Figure 6 shows distribution of groundwater depression cones across NCP. Shallow groundwater depression cones are mostly distributed in the PP area near Shijiazhuang, while the deep groundwater depression cones are primarily located in ECP, near Cangzhou, Hengshui, and Tianjin. The linear trend of vertical displacements at individual CGPS stations is also shown in Figure 6, the uplift or subsidence of which is distinct in different areas. Most selected bedrock-located CGPS stations in PP and north part of ECP show slight secular trend of −0.69~1.5 mm/a from 2009/2010 to 2013. However, sediment-located CGPS stations in ECP (HECX, TJBH, and TJWQ) show significant subsidence vertical rate at −44~−17 mm/a. The three CGPS stations are located on soft sediments and along the margins of deep groundwater depression cones, near Tianjin or Cangzhou, which have been suffering the most severe groundwater depletion in these areas [45] (Hu et al., 2004).
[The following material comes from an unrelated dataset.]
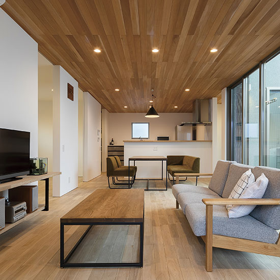 床と天井にはナラの無垢材を採用し、シックな佇まいの外観からは想像できない温かみのある室内となりました。家のどこにいても家族が繋がる、かけがえのない我が家です。

For these stations, as discussed above, their GPS vertical position record both earth’s elastic deformation associated with changes in GWS and pore compaction of groundwater depletion. Hence, it could be concluded that, for the sediment-located stations nearby deep groundwater depression cones, the subsidence caused by pore compaction are much larger than the elastic uplift induced by groundwater depletion. This indicates that the groundwater depletion in deep confined aquifers is the major triggering factor for inducing land subsidence in middle-east plain of NCP, which is consistent with the reported results of Guo et al. 2015 [46].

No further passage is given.